The concept of analyzing war experience was not a new one for the Soviets. Since the 1920s the Red Army General Staff had been wedded to the view that an army prepared for contemporary and future war by understanding the nature of past wars and technological change. Most of the progressive changes which occurred in the Red Army of the 1920s and 1930s resulted from the analysis of war experience. Unhappily for the Soviets, in the late 1930s the misfortunes which befell the Soviet military occurred in part because of an absence of sound analysis of contemporary operations, due in part to the purges, which deprived the Red Army of its most brilliant thinkers.
After the outbreak of war in 1941, the General Staff encouraged operating fronts to institute their own programs for analyzing war experiences. The results were mixed. While some fronts, most notably the Western, established effective programs, others did not. The November order published in this volume relates the unevenness of the effort and recommends remedies to that situation. The first volume of war experiences, published under the auspices of the order in July and August 1942, undoubtedly contains some material from those earlier analytical efforts. This volume, the second, analyzes Red Army experiences prior to the creation of the new system, principally during the winter campaign of 194142. Rather than focusing on facets of a single operation, this second volume contains detailed studies on a wide range of operational and tactical themes involving both combat and combat support functions.
These studies accurately and candidly portray the nature of combat on the Eastern Front. Understandably, at this stage in the war they recount failure more often than success, but always in the belief that failure teaches those who survive. These war experience analyses accentuate the practical and concentrate on what works in real combat. This fixation on the often mundane functions of tactical combat reflects the Soviet belief that grand concepts succeed or fail depending on how the lowliest infantryman, sapper, gunner, or tankist performs his grisly task. Although perhaps this approach is best suited to an army which has at its disposal imposing manpower reserves, the results attained speak for themselves. The Red Army did educate itself during the war and emerged a modern, potent fighting force.
This second volume of war experiences was published by the General Staff in September-October 1942. Although all of its chapters are instructive, some made particular contributions to the future success of the Red Army. The first four sections address aspects of combat during the winter of 194142 in the expectation that those experiences would better equip the Red Army in its 194243 winter campaign, which was about to commence on 19 November at Stalingrad.
While surveying the vast panoply of operational and tactical questions arising from operations the previous winter, the analyses focus particularly on maneuver of forces in winter and on fire support.

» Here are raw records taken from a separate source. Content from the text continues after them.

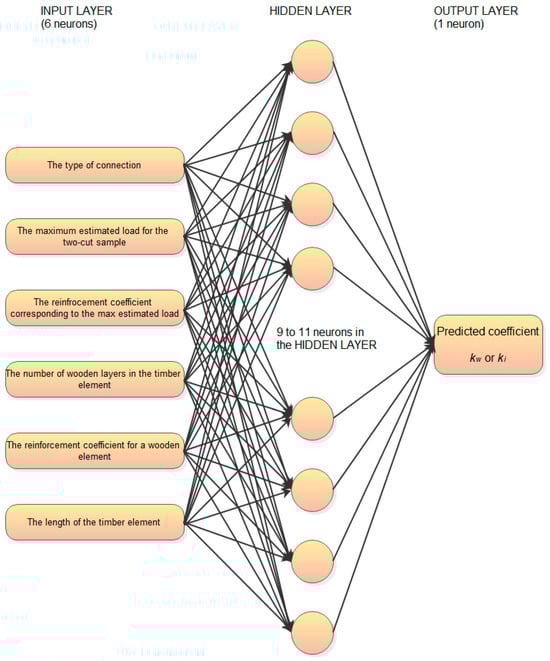 This research presents the implementation of machine learning to the determination of the compliance coefficient for the design of the built-up beam with composite mechanical malleable bonds. Based on data presented in Table 1, Table 2 and Table 3 and experimental data from [13,25], artificial neural networks are built, which allow for the estimation of the compliance coefficients kw and ki for mechanical malleable bonds made of different types of composite materials. Unfortunately, data, which are presented on the building standards [26], cannot be used because they were determined for different types of mechanical malleable bond such as nails, bolts, plates, oak key, and dowels. The artificial neural networks estimate the compliance coefficients and based on the following inputs: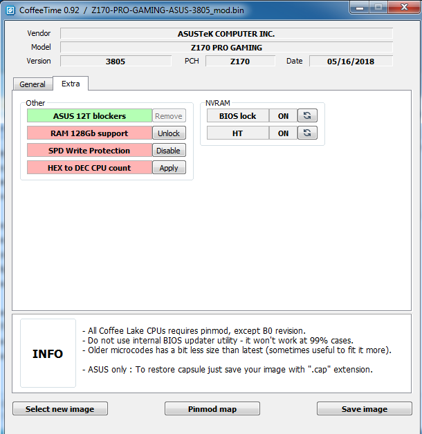 CoffeeTime 0.92 [ Я.Диск ][ Mega ] Автор: svarmod Эта версия не содержит автомодификации, все изменения в биосе проводятся "вручную"; предоставляется без каких-либо подсказок, с GUI, новыми фишками и прочими удобствами. Больше информации о новой версии на [ Страница 407 ]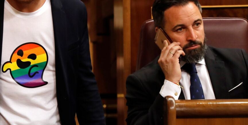 Gaysper 'persigue' a Santiago Abascal en el Congreso de los Diputados

Soviet concern over the failure of its mobile forces to encircle German forces at Moscow in 1941 emerges as central. So also does Soviet concern over its failure to deploy, coordinate, and mass the firepower necessary to overcome German defenses. The General Staff well knew that if it could not overcome defenses which were thin and often hasty in 1941, it would have even more difficulty overcoming better prepared defenses in 1942. Consequently, this volume of war experiences thoroughly assesses the operations of one of the few types of units capable of maneuvering in winter, ski troops.